**THE DATA:**
+===+
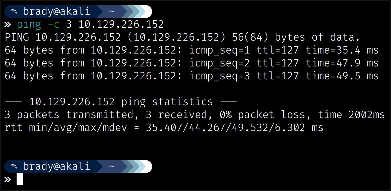 My first step was to confirm connectivity to the victim IP address.
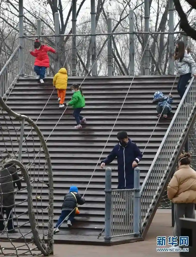 1月20日,家长陪同小朋友在西安曲江池遗址公园内玩耍。新华社记者邵瑞摄
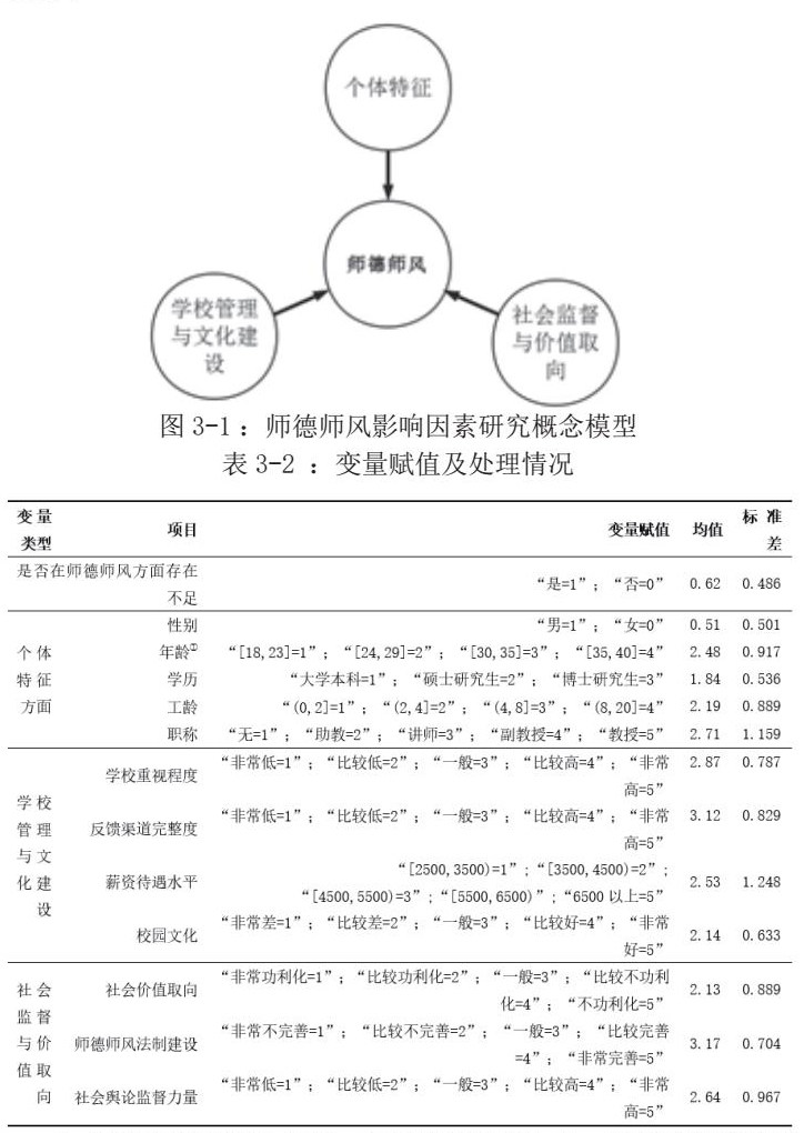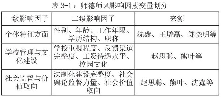 在研究师德师风影响因素方面,学者们多以定性研究为主,初步形成了一定的理论体系,为本文研究提供了一定的支撑,但在实证研究方面不足。赵思聪等(2019)在师德师风影响因素探析中指出,高校层面的主要影响包括:师德师风建设机制不完善、部门之间联动不足、高校管理机制挫伤教师自主性;角色认知层面包括:身心不成熟、未完成角色转变、对师德师风认知不清;价值观层面包括:社会观念、功利化教育观念[4]。熊叶等(2020)在分析高职院校师德师风建设中,从师德师风的认知、师德师风建设平键和建设意见三个方面进行分析并提出,提升认知、落实管理机制、发挥纪委职责、畅通反馈渠道、完善考评体系等建议[5]。沈鑫(2022)指出,影响因素包括:教师个人思想道德素质、经济收入、考评机制、舆论氛围[6]。基于上述等作者们的研究观点确定本研究的变量为:个体特征、学校层面、社会3个层面12个二级影响因子。具体如表3-1。
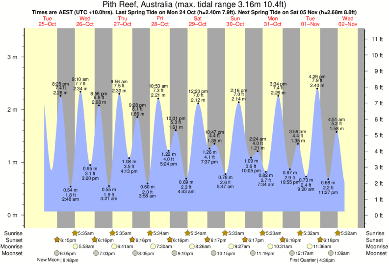 Tide Times are AEST (UTC +10.0hrs). Last Spring High Tide at Pith Reef was on Fri 19 Dec (height: 2.63m 8.6ft). Next high Spring Tide at Pith Reef will be on Fri 02 Jan (height: 3.15m 10.3ft).
+===+
The answer should contain nothing but the lines from the top of the data above through the line containing "1月20日,家长陪同小朋友在西安曲江池遗址公园内玩耍。新华社记者邵瑞摄", copied exactly, with no images.

**ANSWER SPACE:**
 My first step was to confirm connectivity to the victim IP address.
 1月20日,家长陪同小朋友在西安曲江池遗址公园内玩耍。新华社记者邵瑞摄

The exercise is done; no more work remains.